# Cabinet making - your favorite method?



## Rhaugle (May 12, 2017)

What are some of your favorite ways to makes cabinets? Pocket holes? Tongue and groove? Butt joints? Rabbits/dados? 

I'm looking into the Sommerfield tongue and groove router set.. is it worth it?


Edit: is this the right area for this question?


----------



## Jim Frye (Aug 24, 2016)

Rabbit and groove. Biscuits. Butt joins with bamboo pins after the glue has cured. Some joins are reinforced with the pins to ensure they don’t come adrift if the glue joint fails. We recently had an entire bedroom suite in cherry made by an Amish maker and almost all of the joinery was done with pocket holes. Two chests of drawers, two night stands, an armoire, and two beds. The drawers were done with 1/3 blind dovetails. Yes,1/4” tails and pins in 3/4” stock.


----------



## 35015 (Nov 24, 2012)

Traditional mortise and tenon (or free tenon?)...often just riven wood...and then a simple panel let in to a groove or rabbet...


----------



## Steve Neul (Sep 2, 2011)

Favorite would mean different ways depending on the purpose. If the cabinets were being made to sell I would put the faceframes together with a corrugated fastener gun and toenail from the sides. It makes a pretty strong joint and it's quick and easy. The pocket hole system is good. If I made more cabinets to sell I would probably invest in a faceframe table to do that. If time wasn't an issue and quality was I would put the faceframes together with dowels.


----------



## GeorgeC (Jul 30, 2008)

As Steve says, it all depends. Often the type of cabinet/materials will basically determine the method of build.


George


----------



## Rhaugle (May 12, 2017)

Steve Neul said:


> Favorite would mean different ways depending on the purpose. If the cabinets were being made to sell I would put the faceframes together with a corrugated fastener gun and toenail from the sides. It makes a pretty strong joint and it's quick and easy. The pocket hole system is good. If I made more cabinets to sell I would probably invest in a faceframe table to do that. If time wasn't an issue and quality was I would put the faceframes together with dowels.





GeorgeC said:


> As Steve says, it all depends. Often the type of cabinet/materials will basically determine the method of build.
> 
> 
> George



I guess I'm asking more about kitchen cabs than anything.. for shop stuff I'd probably use pocket holes. For kitchen though, I would want a "better" build. I'm really looking at getting the Sommerfield router set for their tongue and groove system. Anyone have experience with these?


----------



## Steve Neul (Sep 2, 2011)

Rhaugle said:


> I guess I'm asking more about kitchen cabs than anything.. for shop stuff I'd probably use pocket holes. For kitchen though, I would want a "better" build. I'm really looking at getting the Sommerfield router set for their tongue and groove system. Anyone have experience with these?

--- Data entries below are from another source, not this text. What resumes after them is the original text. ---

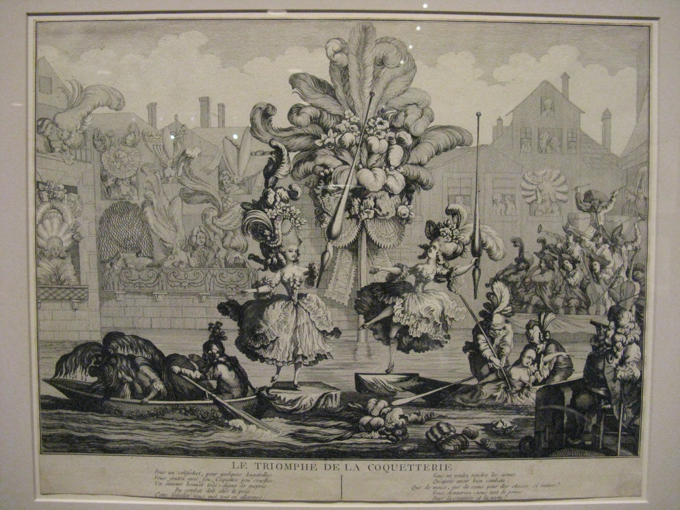 The French print Le Triomphe de la Coquetterie (below0), also from the same exhibition, shows two women with incredibly elaborate poufs piled enormously high with larger than life feathers, many flowers and pearls. These women are standing on two platforms in the middle of a pool jousting to win an impossibly large and elaborate head-dress in the middle of them. Two other women have already been defeated with one in a rowboat, looking like she has just been pulled from the water with her pouf ruined; and another being pulled from the water bald-headed with her head-dress floating in pieces in the water. The women spectators have unrealistically high and elaborate poufs themselves of all shapes and sizes larger than their person. The inscription, written in French, on the bottom chides the women (the coquettes) for their frivolity in fighting over an item of fashion, and asks them if they would do the same for wisdom and virtue.
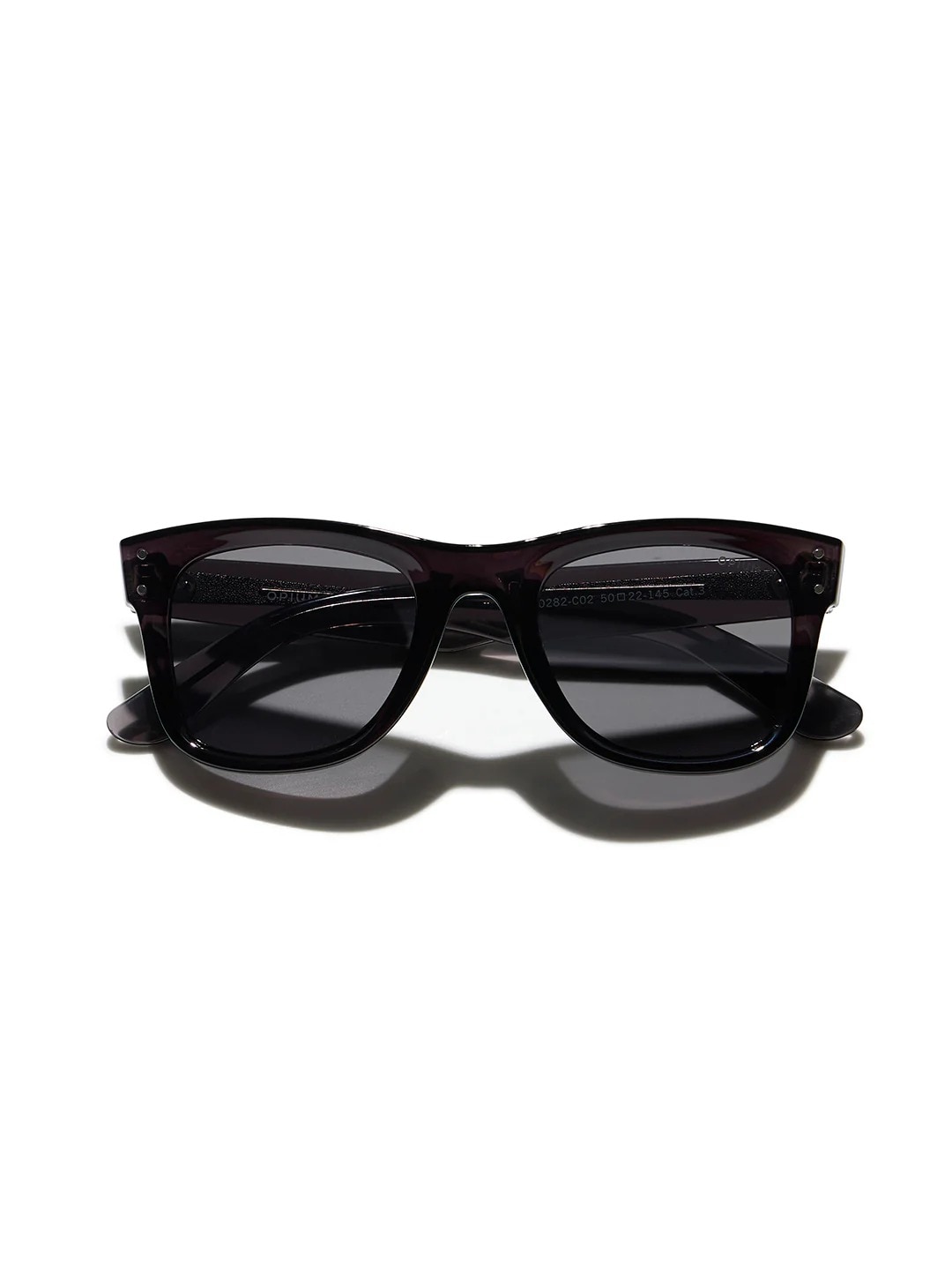"Inspired by a classic design that has been around since the 1950s, the Opium sunglasses fare better than most when it comes to putting you in power. It’s not without reason that wayfarers have endured in the fashion cliques of the world for more than seven decades. LENS FEATURES UV Protection SIZE Lens Diameter:50 Bridge Width:22 Temple Length:145 MATERIAL Lens:POLYCARBONATE Frame:PLASTIC FRAME Type :FULL RIM Finishing :SHINY GENDER MEN"
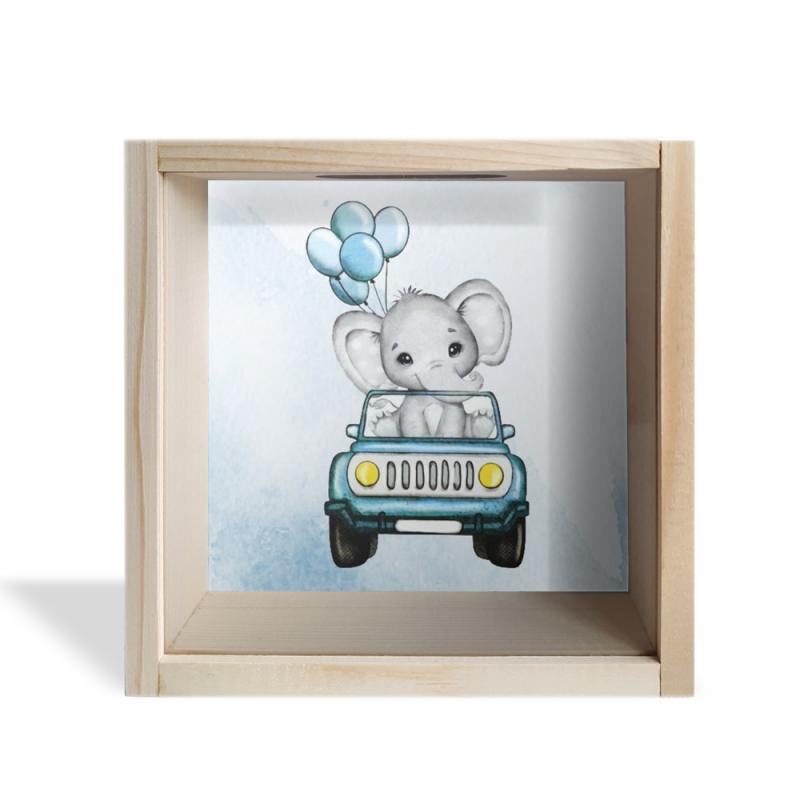 Camlı Ahşap Kumbara Mavi Arabalı Fil Ham Ahşap HK0659-HM

A tongue and groove set would be pretty good for cabinet doors. The biggest problem is the cutter makes a 1/4" wide groove and if you use a plywood panel it's metric and closer to 7/32" thick. The panels would fit very sloppy. It's not just the Sommerfield set, they are all like that. When I made a coping and sticking set for cabinet doors I sized the groove at 7/32" for that reason.


----------



## Tom-G (Nov 11, 2012)

I have the Sommerfeld tongue and groove set for cabinets. The joints are tight. Built my face frame cabinets the same way as shown in their video. The only issue is, as mentioned above, the 1/4 inch groove is full size. If you use it to hold an undersized plywood panel it is very loose. I used their panalaign strips in the groves to suspend the panels and then cut small pieces of those strips and wedged them in on the back side to prevent the panels from rattling and to push them tight against the front edge of the groove.

For raised panel doors they have other sets that include the matched cope and stick router bits for the frame and a bit to edge a raised center panel to fit in the groove. They included shims so there is some adjustments that can be done to tweak how everything fits together.


----------



## Tool Agnostic (Aug 13, 2017)

Background: Before I got back into woodworking, we paid a contractor to install premade kitchen cabinets for us. The cabinets came from a commercial store with its own factory. They were not my first choice, but Spouse really liked the look of them. 

A couple days ago, Spouse and I talked about building an entertainment center from kitchen cabinet boxes, so we went back to the cabinet store a couple days ago and looked at the construction of their boxes.

While we were there, I noticed a display showing how the cabinet boxes were assembled, along with three competitors' boxes. The 3/4 plywood backs of their cabinets were glued into a 1/16 inch rabbet cut at the end of each side. That's all; it was effectively a butt joint. The competitor's boxes all had locking rabbet joints, clearly superior. The finish on the store cabinets was better and at least one competitor cabinet was made from MDF.


----------



## sancho57 (Oct 23, 2011)

I usually built frameless cabinets so Ill but joint them together use a couple of dominos per a joint for alignment purposes you could just as easily shoot in a couple of brads, rhen use about 3 screws to secure it. If I was going to add a face frame then Id pocket hole it together and pocket hole it to the carcase


----------



## mmwood_1 (Oct 24, 2007)

I use rabbets and dados for all of the carcass joints, mortise and tenons for all of the face frame parts, dovetails for all of the drawers, and through mortise and tenons for doors. (slip joints is another name for them)


----------



## ORBlackFZ1 (Dec 25, 2013)

Rhaugle said:


> What are some of your favorite ways to makes cabinets? Pocket holes? Tongue and groove? Butt joints? Rabbits/dados?
> 
> I'm looking into the Sommerfield tongue and groove router set.. is it worth it?


Rabbets and dados for carcass joints. Tongue & groove for panels. Mortise & tenon for door frames. I prefer inset doors, so very few face frames for me. Inset doors can be made from plywood with hardwood trim or traditional rail & stile. Using plywood can save some time and money. The plywood doors can be made to look really original with some simple inlay patterns.

When I do use overlay doors, I use real wood panels for my doors, so a 1/4" groove works fine to hold a 1/2" solid panel. Just make sure the groove is deep enough to allow the panel to expand and contract through the seasons. Two passes on the table saw for the groove, or install a 1/4" dado blade when I have a lot of grooves.

I haven't done a complete kitchen yet, only individual cabinets. The complete kitchen remodel is going to happen this year. I hired a Certified Kitchen Designer last month. She did some great drawings on paper for us. Now I got to put them in Sketchup and get to the final design.

Thanks for asking the question.
Eric


----------